Шота не был в восторге.
— Не знаю, надо поговорить с женой. Она хозяйка. Я-то другую марку не хотел. Хотел отремонтировать «вольво». Это хорошая машина. А не могли бы мы договориться насчет ремонта? Я смотрю — кое-что из деталей у вас тут есть.
— Исключено! — вдруг рассердился Толик. — Мы ремонтируем только по спецзаказу — иностранцам.
— Иностранцам? — удивился Шота. — Разве им не поставляют новые?
— Поставляют, но старые они ремонтируют и продают. Эта — фактически тоже машина одного немца, и мне поручили ее продать.
— Разве «мерседес» не новый?
— Тьфу, — сплюнул Толик, — тупой ты, что ли? Новая, ты же сам видел, но немцу надоела продукция своего фатерлянда. Он хочет японскую. Капризные они, эти иностранцы…
Елена быстро вошла в туалет, вынула из сумочки радиотелефон и набрала номер.
Стабиньш ответил сразу.
— Говорит девятый, меня слышите? Мы в мастерской кооперативного гаража «Гайсма». Это в Плявниеках. Адрес посмотреть не успела. За Домом мебели, километра два будет, найдете?
— Определенно!
— Там стоит тачка, которую мы давно ищем! Видимо, мы попали в настоящее гнездо мафии, где переделывают краденые машины. Подъезжайте тихо, без шума, но возьмите с собой ребят, и побольше. Торопитесь! Нам трудно поддерживать контакты. Когда прибудете, дайте знать. Мы изнутри обеспечим задержание.
— Понял, — подтвердил Стабиньш. — Может, вам лучше все же не рисковать и уйти…
— Нет, не целесообразно. Как только их вы окружите, они рассеются. Здесь им все дыры известны. Нам тоже некуда деться, не на чем уехать. Всё!
Она спрятала телефон в сумочку, теперь можно было и справить нужду.
Когда она подошла к машине, Толик был чуть ли не в бешенстве.
— Ну что это, некогда мне тут с вами торговаться. Берете или не берете? Прямо сейчас можем ехать, я уже позвонил, чтобы прислали грузовик — перевезти «вольво».
Обтирая тряпкой грязные руки, к машине подошел плотный мужчина средних лет и остановился у Елены за спиной. Потом пришли еще двое. Один в рабочей спецовке, другой в чистой спортивной рубашке и коричневых брюках.
— Вот что, легавый, — тихо проговорил подошедший последним. — Я тебя знаю, ты меня посадил.
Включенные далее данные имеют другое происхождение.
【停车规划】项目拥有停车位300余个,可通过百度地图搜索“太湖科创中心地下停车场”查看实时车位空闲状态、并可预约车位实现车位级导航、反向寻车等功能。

Чего тебе здесь надо, мусор, ты?! — шипел он. — Мы сейчас!.. — и они все гуртом грозно двинулись на двух полицейских.
Елена как пантера отскочила и оказалась за мотором машины. Ей это удалось, так как мужчины не придавали ей особого значения.
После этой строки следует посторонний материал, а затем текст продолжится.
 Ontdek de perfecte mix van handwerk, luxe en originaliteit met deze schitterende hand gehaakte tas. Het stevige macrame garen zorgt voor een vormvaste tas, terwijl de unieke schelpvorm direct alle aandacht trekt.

— Стой! — крикнула она, наводя револьвер то на одного, то на другого. — Руки за голову!
Воспользовавшись замешательством, Шота ударил пистолетом того, который его узнал.
— Руки за голову!
Те медленно, нехотя подчинились.
В дверях бокса показались еще двое, но подходить не стали, побоялись. Шота вынул из своего кейса наручники и надел всем четверым. Вскоре прибыл и Стабиньш со своей командой. Но молодчики уже смирно, понуро сидели на бревне под охраной Шота и Елены.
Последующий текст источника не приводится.